# Another fish question! "Red" praecox?



## DirtyBlackSocks (Jan 23, 2008)

When I got out of the hobby a few years back there was a brand new type of rainbow fish coming out. About the same size as a praecox but they were completely red, rather then silver.

Anyone have an ideas on what it's name is or know of any breeders selling them?


----------



## valaser (Sep 21, 2006)

My guess would be Melanotaenia parva, sometimes called a Dwarf Flame Rainbow. Thatfishshop.com sells them and is one of the best places to buy rainbows from. Here is a direct link to buy, with a picture of them looking their best http://www.thatfishshop.com/product769.html


----------



## Six (May 29, 2006)

That could be. Our _M. parva_ are orange though, not red. Still an awesome fish with beautiful color* (*though only in the morning, as with most all rainbows).


----------



## Six (May 29, 2006)

Here's a breeding male of ours:


----------



## DirtyBlackSocks (Jan 23, 2008)

Sorry guys, should have gotten back on this thread sooner.

Fish I was looking for is called the Millenium Rainbow, newly discovered in 2000 and the sole importer of the fish is http://thatfishshop.com/rainbowroom.html

Here's a picture of the fish:










Forgive the size.

EDIT: Seem's I'm really outdated on my information and we're both talking about the same fish, sorry.


----------



## rich_one (Oct 31, 2007)

both of those pics are the same fish? the second one looks kinda like an Irian Red to me.


----------



## rich_one (Oct 31, 2007)

that's a cool looking rainbow. would look nice in my rainbow tank! I can see the difference now between that one and my Irian Red... the mouth and head are shaped slightly differently.


----------



## Six (May 29, 2006)

All three, parva, milleniums, and irian's, are different species. 

I've seen milleniums years back and they never looked as shockingly colored as that pic. Then again, maybe they just needed time to settle in and color up. They are, however, not a dwarf rainbow like the praecox and the parva. 

Rainbows are definitely cool fish.


----------



## Heiko Bleher (Mar 11, 2007)

Hi, all of you rainbowfish freaks,

this is Heiko Bleher, the one responsable for those two rainbowfish species (and most of the others in the hobby, I guess...).

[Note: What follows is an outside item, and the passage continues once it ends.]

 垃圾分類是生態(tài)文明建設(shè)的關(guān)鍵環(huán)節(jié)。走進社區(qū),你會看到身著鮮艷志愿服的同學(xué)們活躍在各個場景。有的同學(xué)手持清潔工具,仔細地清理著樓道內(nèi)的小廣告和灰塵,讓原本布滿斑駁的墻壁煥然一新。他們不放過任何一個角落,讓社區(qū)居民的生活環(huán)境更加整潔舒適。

The photos from Six is Melanoatenia parva, which I brought back after 3 expeditions from the remote lake in Irian Jaya (now Papua), New Guinea, Indonesia. All those in the hobby today are from those few specimens I carried back. It becomes more red (see aqua geographia volume 22: YUakati and volume 24 at www.aquapress-bleher.com), specially in the early moring hours. They stay small in nature less than 2 inches (that is why it was called "parva"), but in aquaria it can go to 3 inches and even more.

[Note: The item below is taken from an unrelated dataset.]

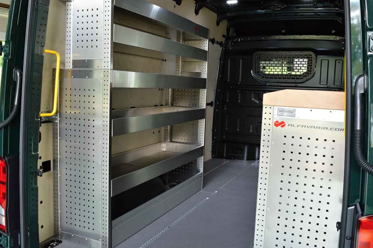 Představujeme vestavbu do dodávky VW Crafter 4×4. Zajímavostí u tohoto Volkswagenu je pohon 4×4 na všechny kola, díky nimž má vůz dobrou terénní prostupnost a dobře se dostane na místa s nezpevněnou vozovkou. Do užitného prostoru jsme navrhli a montovali policové regály na jednu stranu auta, na pravé straně modul se zásuvkami a dřevěnou krycí deskou.

The photo of the red rainbowfish from DirtyBlack Socks (do never wash them?) is Glossolepis pseudoincius. I descovered it begin of January of the new Millennium, that is why I called it The Millennium rainbowfish, but also because of its striking colour and believing it will be one of the most asked for aquarium fishes in the new Millennium (but I guess my fish of the century, M. preacox is still number one and M. boesemani number two). Now the Millennium rainbowfish stays also realtively small, normally max 2.5 inches, rarely 3. In nature much less. Its brother, G. incisus, on the other hand grows to more than twice the size. 
The Millennium rainbowfish should have the bright red colour as shown on your photo, unless it is under stress and/or no acclimatized well. It has the most striking red probably of any fish.

I hope this clarifies a little your uncertain questions.

From one who collects rainbowfishes, blue eyes and many (many) other fishes.

Heiko Bleher

PS I found several new ones last year - as every year, since 1975...


----------



## trackhazard (Sep 20, 2006)

Wow! Heiko Bleher himeself!

Thank you for all your work for all the fish enthusiasts around the world. If it weren't for you, I would have never been able to enjoy all the wonderful Rainbowfish (not to mention the numerous other species you've cataloged and introduced).

For those who don't know, here's link to Mr. Bleher's biography:

http://aquageo.com/AboutHeiko.html

-Charlie


----------



## krisw (Jan 31, 2005)

Wow, Heiko Bleher responds! Those Millennium rainbows are pretty!


----------



## Jessie (Apr 23, 2007)

I'm sort of star-struck right now....


----------



## lauraleellbp (Jan 31, 2008)

Couldn't come from a better source than THAT! LOL


----------